● **The task**:
The lines below must be transcribed exactly as given, with the images removed.

● **Dataset excerpt**:
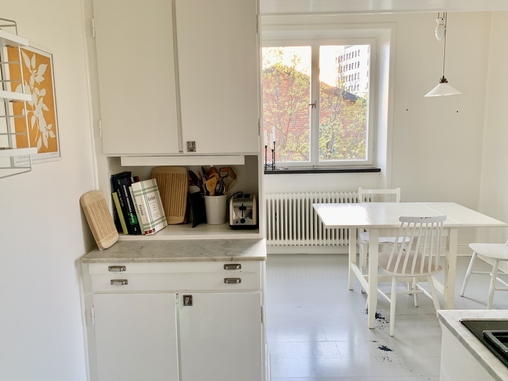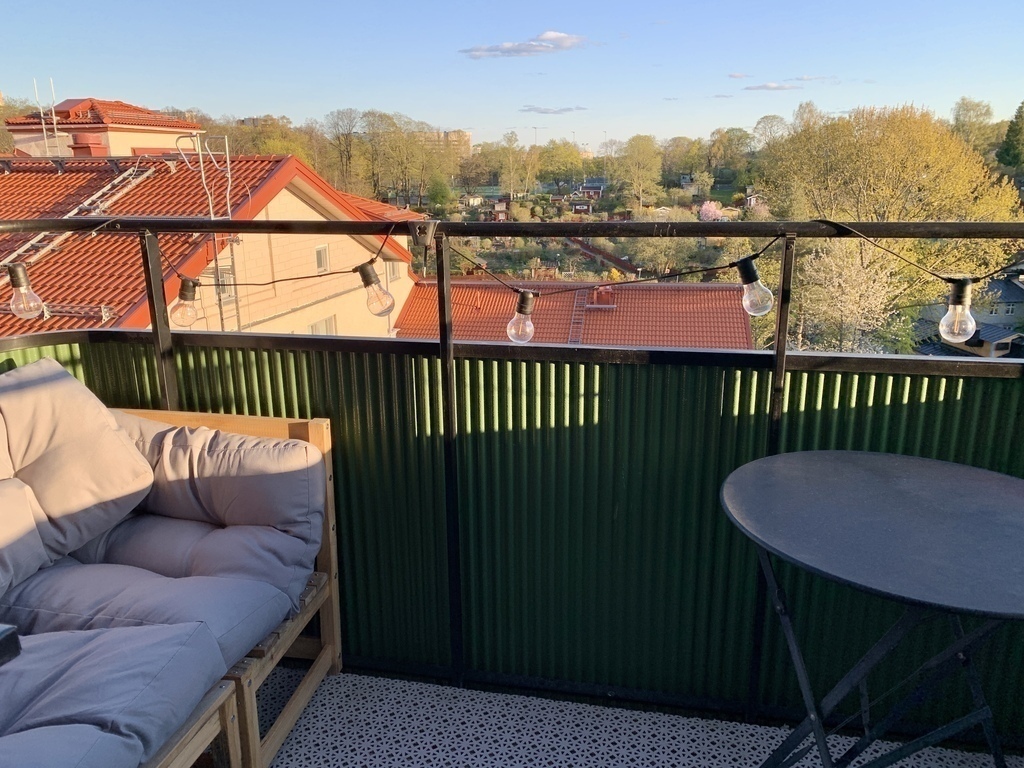 In one of Stockholms most trendy areas, but also on a really quiet street. Balcony with sun all day, close to parks, great bars and to the water where you can take a swim. Södermalm in Stockholm has a lot of bars, cafés, second hand stores etc. One bedroom with king size bed, but also possible to put up a comfortable mattress in the living room. I recently moved in, things on the walls and coffe table etc. will be in place for the summer! Very close to subway and busses.
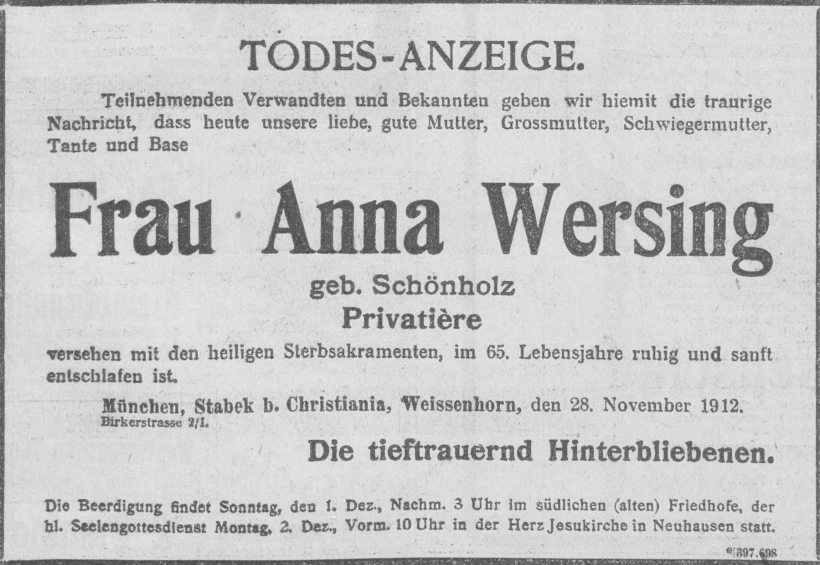 Grab der Familie Wersing auf dem Alten Südfriedhof München (März 2014)
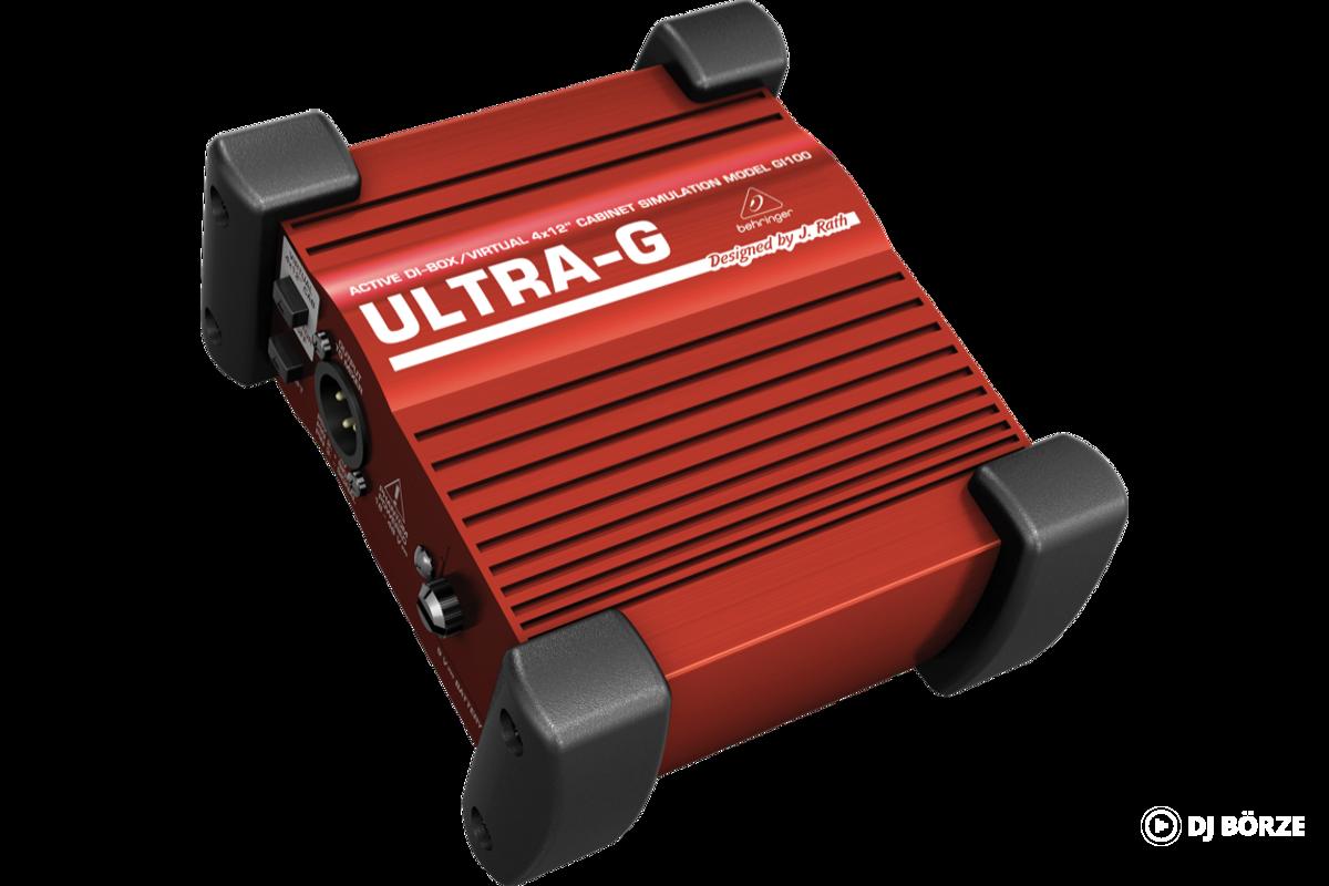 A Behringer Ultra-G GI100 aktív DI-box valódi hangszórószimulációs áramkört tartalmaz, amely egy mikrofonnal felvett gitárszekrény hangzását reprodukálja. 6,35 mm-es TS hangszer-bemenettel és kiegyensúlyozott XLR kimenettel rendelkezik. A ground lift kapcsoló megszünteti a földhurokból eredő zajokat, a –20 dB-es pad kapcsoló pedig megakadályozza a túlvezérlést. Az eszköz 48 V-os fantomtápról vagy 9 V-os elemről is tápellátható.

● **Expected output**:
 In one of Stockholms most trendy areas, but also on a really quiet street. Balcony with sun all day, close to parks, great bars and to the water where you can take a swim. Södermalm in Stockholm has a lot of bars, cafés, second hand stores etc. One bedroom with king size bed, but also possible to put up a comfortable mattress in the living room. I recently moved in, things on the walls and coffe table etc. will be in place for the summer! Very close to subway and busses.
 Grab der Familie Wersing auf dem Alten Südfriedhof München (März 2014)
 A Behringer Ultra-G GI100 aktív DI-box valódi hangszórószimulációs áramkört tartalmaz, amely egy mikrofonnal felvett gitárszekrény hangzását reprodukálja. 6,35 mm-es TS hangszer-bemenettel és kiegyensúlyozott XLR kimenettel rendelkezik. A ground lift kapcsoló megszünteti a földhurokból eredő zajokat, a –20 dB-es pad kapcsoló pedig megakadályozza a túlvezérlést. Az eszköz 48 V-os fantomtápról vagy 9 V-os elemről is tápellátható.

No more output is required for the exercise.